Nitrogen oxides (NOX=NO+NO2) are emitted into the urban atmosphere primarily from vehicle exhausts. Primary NOX emissions are mostly in the form of nitric oxide (NO) which then reacts with ozone (O3) to form nitrogren dioxide (NO2). Much work has been carried out to determine the factors which control the NOX and NO2 concentrations in order to enable the development of tools to aid in the forecasting of pollutant concentrations.
One approach to predict future concentrations is to use detailed atmospheric diffusion models. Such models aim to resolve the underlying physical and chemical equations controlling pollutant concentrations and therefore require detailed emissions data and meteorological fields for the region of interest.
The second approach is to devise statistical models which attempt to determine the underlying relationship between sets of input data (predictors) and targets (predictands).
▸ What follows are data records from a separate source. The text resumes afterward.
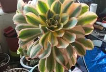 红缘莲花掌属蔷薇目、景天科植物,原产大西洋的加那利群岛。质厚,蓝绿色,被白霜,叶缘红褐色。聚伞花序,花浅黄色,有时带红晕。叶形叶色较美,有一定的观赏价值,多盆栽用于点缀室内;可放置于电视、电脑旁,…全部>>
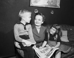 Seven-year-old Rickey Blanton is making sure that his grandmother, Mrs. C. A. Blanton, will visit his second grade room at Mary Louise Phillips Elementary. And Rickey points out pictures of other schools for his five-year-old sister, Cindy Ann Blanton. The youngster won't be satisfied until his parents, Mr. and Mrs. John Blanton also visit Phillips during Public Schools Week. Published in Fort Worth Star-Telegram evening edition February 28, 1954.
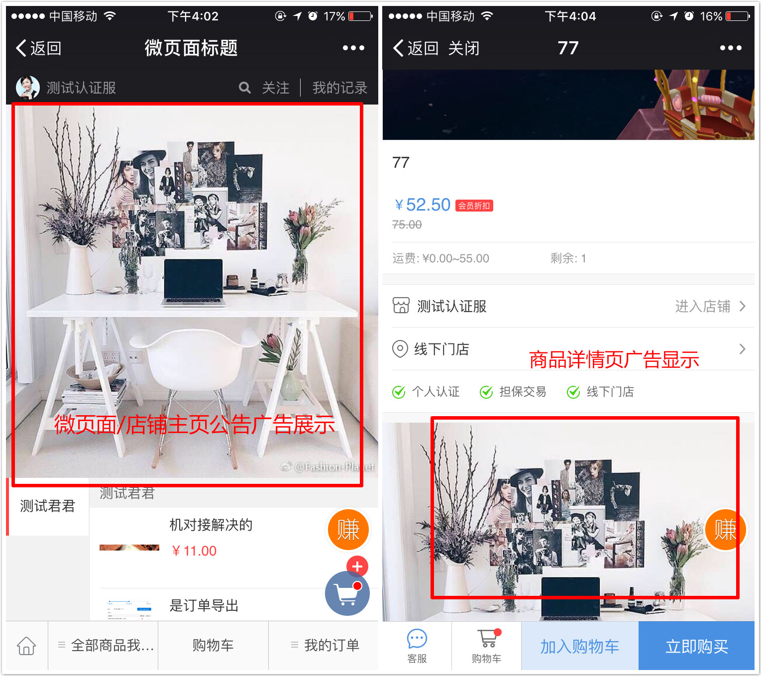 2. 设置广告出现的位置和出现的页面,通过添加内容,编辑广告内容,操作同微页面设置。可以通过“添加内容”里的组件,添加推荐商品,公告、促销活动等信息到公共广告中。详情如图:
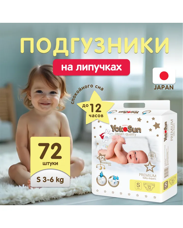 Подгузники YokoSun Premium S (3-6 кг) 72 шт.

Regression modelling is an example of such a statistical approach and has been applied to air quality modelling and prediction by a number of people (Shi & Harrison, 1997; Ziomass et al., 1995). One limitation of linear regression models is that they will underperform when used to model non-linear systems (Gardner & Dorling, in press). The relationship between NOX, NO2 and meteorology is complex and extremely non-linear.
In this work multilayer perceptron (MLP) neural networks are used to model and predict hourly urban NOX and NO2 concentrations from readily observable local meteorological data. MLP neural networks are capable of modelling highly non-linear relationships and can be trained to accurately generalise when presented with new, unseen data. MLP neural networks learn to model a relationship during a supervised training procedure, when they are repeatedly presented with series of input and associated output data. In the case of modelling polutant concentrations the input data will consist of measurements of meteorological conditions and the output will be the pollutant concentration. To use the trained MLP neural network for prediction involves presenting the network with a set of forecast meteorological data. For this reason it is important to use meteorological data that are readily forecasted.
Results from this work show that the MLP models can account for 60% of the variability of the hourly NOX and NO2 concentrations when used to predict one year of concentrations. This is considerably better than previous linear regression and auto-regressive models (see for example Shi & Harrison (1997)). It is also demonstrated that the MLP models are resolving the diurnal pattern of source strength without any external guidance. Work is being undertaken to assess the extent to which the MLP model predictions are degraded when made using forecast meteorological data. Current work includes the construction of a neural network ``trajectory box model'' ozone forecasting scheme. This work will build on encouraging results which have demonstrated the versatility and consistent performance of MLP neural network air quality models in a range of urban and rural settings for both primary and secondary pollutants throughout the United Kingdom.